Dobson-Hilton was reported to be the first woman to descend Eastwater Cavern in 1920 and the first woman to descend the forty-foot pot in Swildon's Hole in 1922. She served as President of the Axbridge Archaeological Society and Caving Group.

== Archaeology ==
Dobson-Hinton wrote several works on prehistory and ancient history, her most notable being The Archaeology of Somerset (1931), and she was a prolific contributor to articles and reviews in journals. From 1926 she gave radio talks on prehistoric archaeology. She was elected Fellow of the Society of Antiquaries in 1934.

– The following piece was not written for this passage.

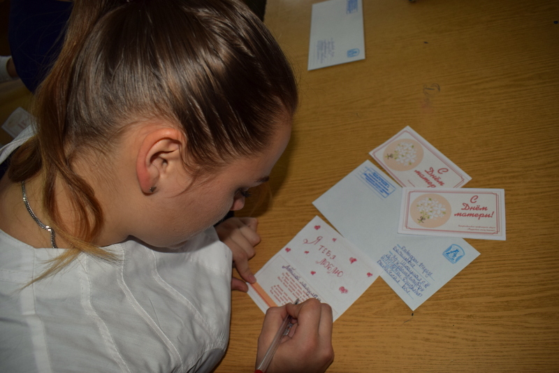 Ребята, проживающие в общежитии колледжа, с удовольствием присоединились к акции и вместе с воспитателями общежития написали письма своим мамам и бабушкам.

During World War Two, in advance of the digging of an anti-tank ditch to defend Wells, she excavated the area.

== Women in magistracy ==
Serving as Justice of the Peace for over thirty years (1937 – 1968) and on the Bristol City Council (1938 – 1947). In 1949, Dobson-Hilton toured Egypt, speaking about 'women in the British magistracy and women's institutes.' She was also President of a branch of the Soroptomists Club.

== Radio ==
Dobson-Hilton also became a radio broadcaster and scriptwriter for the BBC. She worked on the Schools radio series How Things Began and for the Home and Light Service.

== Personal life ==
She married, first, John Dobson a Greek professor the University of Bristol (who died in 1947) and second, Martin Hinton, a retired zoo keeper and palaeontologist who was one of the suspects in the Piltdown Man hoax (who died in 1961). She had six children, including prominent businessman Richard Dobson.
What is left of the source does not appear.